10 Ways My IBD Has Made Me a Better Person


I am so grateful for my inflammatory bowel disease (IBD).

It sounds so odd to say, right? Why would someone be grateful for their chronic illness? Here are 10 ways my condition has made me a better person:

1. Self-love

I’ve always loved myself to a degree. I thought I knew everything about myself. My body. I mean I’m 24 years old, what else could I possibly have to learn right? (Joke). Being diagnosed with IBD and later getting my ostomy helped me to learn to love myself, every part of me, because I learned who I truly was, how far I could push myself and my body, physically and mentally.

2. Not to be judgmental

When someone’s sick, I’ve learned not to jump to conclusions or make assumptions about them. On the other hand, when someone doesn’t appear to be sick I’ve learned not to assume (there’s nothing wrong). You never know what someone is going through.

3. How to be patient

There’s no better way to work on patience than waking up at 3 a.m. after your ostomy bag has slid off for the third time! Having a chronic condition calls for patience. You have to be patient with yourself, your body by knowing your limits, acknowledging them and abiding by them. You have to be patient with your physicians and care team to allow them to do what they do best, care for you.

4. How to advocate for myself

Having a chronic condition has taught me to raise my voice… For anything really… Things I believe in, things I want, need, etc. The one time I didn’t advocate for myself I ended up having an emergency surgery because the treatment didn’t go “as planned.”

5. Not to jump to conclusions

I’ve had my fair share of meltdowns and honestly, I think I deserve to have an occasional meltdown every now and again. It’s hard having a chronic illness. But sometimes I can get myself upset and worrisome over nothing.

6. How to be supportive

I’ve learned so much from my support system. They’ve taught me not only how to get support, but how to give it as well. There are things my friends and family have done for me during hard times that I am so grateful for and really couldn’t imagine getting through everything without them.

7. To appreciate the little things

When living with a chronic condition, you learn to appreciate things “healthy people” may normally take for granted. For example: waking up, only being hospitalized once this month, going to work. Every little thing counts.

8. To do my research

Having a chronic condition often introduces you to many new things: New doctors, new prescriptions, new specialties, the works. It can be overwhelming to say the least, but it’s the life I was given. I have to accept accountability and do my research. Research the physicians I’m referred to, understand the medication or treatment plan suggested – this way, if something doesn’t go as planned, I know I at least made an informed decision and not a rushed assumption.

9. To open up

Growing up, I’ve always had issues trusting people. I was embarrassed of my condition. I mean, what teenager do you know is excited for bloody stools and frequent hospitalizations? Not this girl. I chose to suffer in silence. When I made my first friend with IBD it was like a weight was lifted off of my shoulders! Expressing myself and being blatantly honest about my condition just felt right. It felt like I didn’t have to hide anymore. Now, I love sharing my story and hearing others’ story of strength!

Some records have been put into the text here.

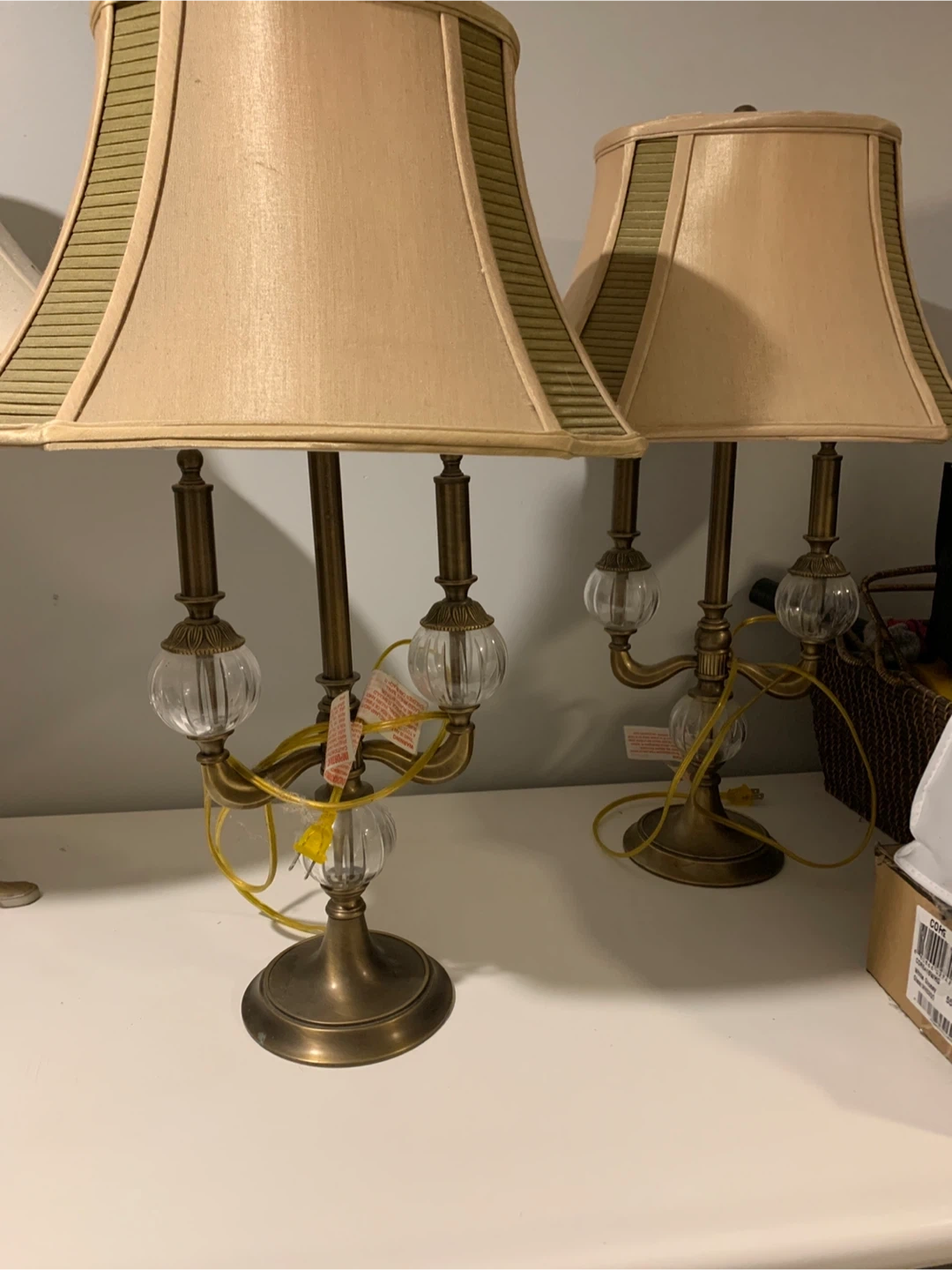 Selling a pair of vintage lamps! They feature a brass base with crystal ball accents and a neutral-toned lampshade. These lamps would add a touch of elegance to any room. Shades need a good dusting!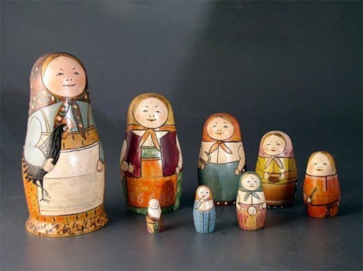 Первая кукла, изготавливаемая из липы, отличалась от более поздних вариантов скромностью одежды, простотой палитры. Сквозь слой краски и лака просматривалась фактура, а контуры рисунка не наносились кистью, а выжигались. В коллекции интернет-магазина «Матрешки» собраны изделия народных промыслов, среди которых прототипы первых русских матрешек, более поздние куклы, золотая Хохлома, реплики Карла Фаберже, другие сувениры, выточенные, расписанные вручную, а также сувенирная продукция в русском национальном стиле.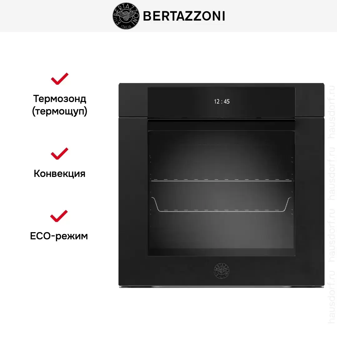 Количество режимов работы в духовом шкафу Бертаззони: 11. В число доступных программ входят: классический нагрев, нижний нагрев, конвекция, гриль для создания хрустящей корочки, сушка для овощей и фруктов, медленное приготовление при низкой температуре, и другие. Помимо основных программ воспользуйтесь специальными возможностями этого прибора: размораживанием продуктов, чтобы сократить время на подготовку; опцией автоматического поднятия теста; быстрым разогревом для ускорения работы; поддержанием температуры в камере на определенном уровне, чтобы блюда не остывали; и другими. Тип гриля в этой модели — электрический.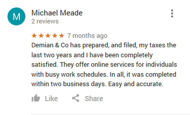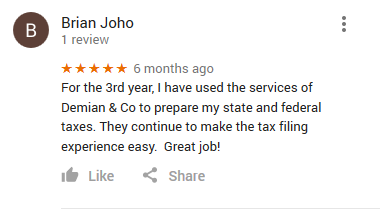 If you’re looking to get your taxes prepared in East Brunswick or Cranford, NJ, Demian & Company, LLC have it covered. We have served many customers and provided them with reliable tax preparation services each and every time. But you don’t have to just take our word for it. Here we’ll highlight some of our customer reviews from this most recent tax season. Some of them are return customers, and all of them were happy with the work we’ve done for them.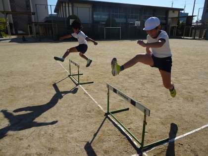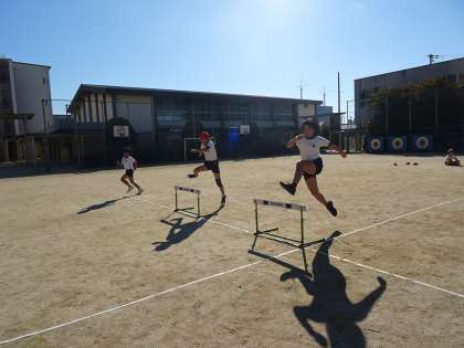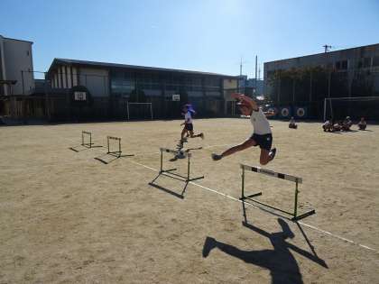 5年生の体育は、ハードル走の学習をしています。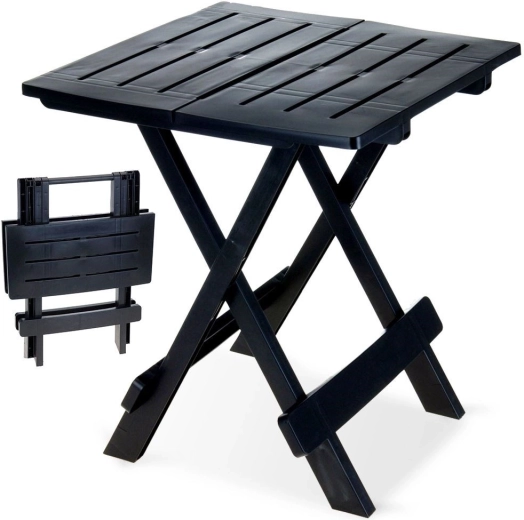 Szukasz praktycznego i uniwersalnego stolika do użytku na zewnątrz? Ten składany stolik ogrodowy w czarnym kolorze to świetny wybór do ogrodu, na balkon, taras oraz w podróży. Stabilna konstrukcja z czterema nogami zapewnia niezawodne użytkowanie, zarówno podczas serwowania, odkładania napojów, jak i jako podstawa pod kwiaty i dekoracje.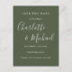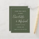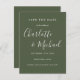 Med stilikoniska namn, detta eleganta olivgröna spara-datum-kort kan anpassas med din speciella händelseinformation i modern vit stil. Designad av Thisisnotme©
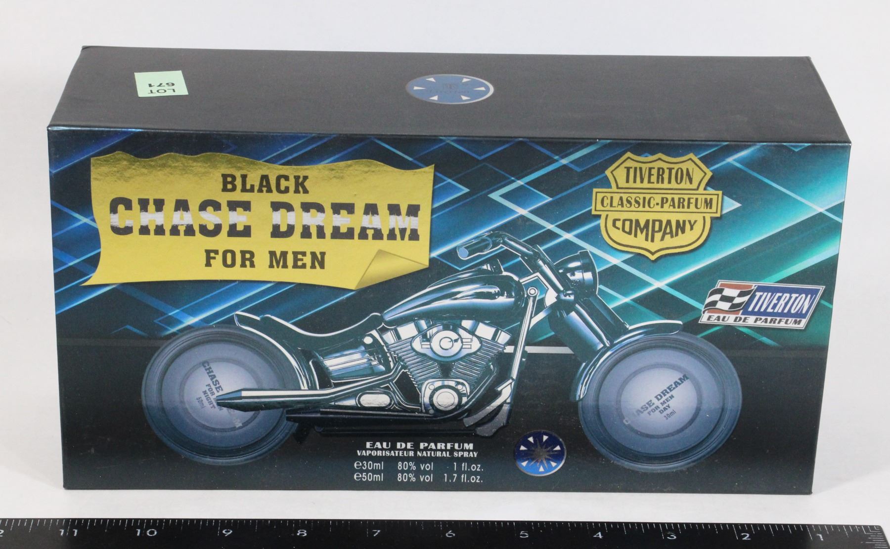 Black Chase Dream for Men Eau De Parfum Tiverton Classic-Parfum Company Boxed Perfume Bottle in Motorcycle Design -From Large Scale Model Railroad Collection including New Old Stock Trains, Sealed Sets and Accessories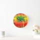 The clock did not take as long to arrive as I thought it might and was extremely well packaged. I didn't do the measurements so I didn't realize it is a little smaller than the average clock but that does not matter (just make sure you check if that's important to you).It is really nifty! It seems very solid and well made not flimsy at all. It has been going well and has kept good time in its few weeks on my wall. Nice product. Gets noticed too! Nicer in real life than the picture but true to the picture

10. To have a little faith

A few years after my diagnosis I started to deteriorate fast. My health was going downhill and it affected every aspect of my life. I couldn’t see an end. I thought I would continue to suffer until I eventually just died, to be honest. I imagined myself at 24 years old living a life with controlled symptoms. A life I actually enjoy that no longer revolves around ulcerative
colitis. My condition has given me a better, brighter outlook on life. If I can make it through this, I can make it through anything!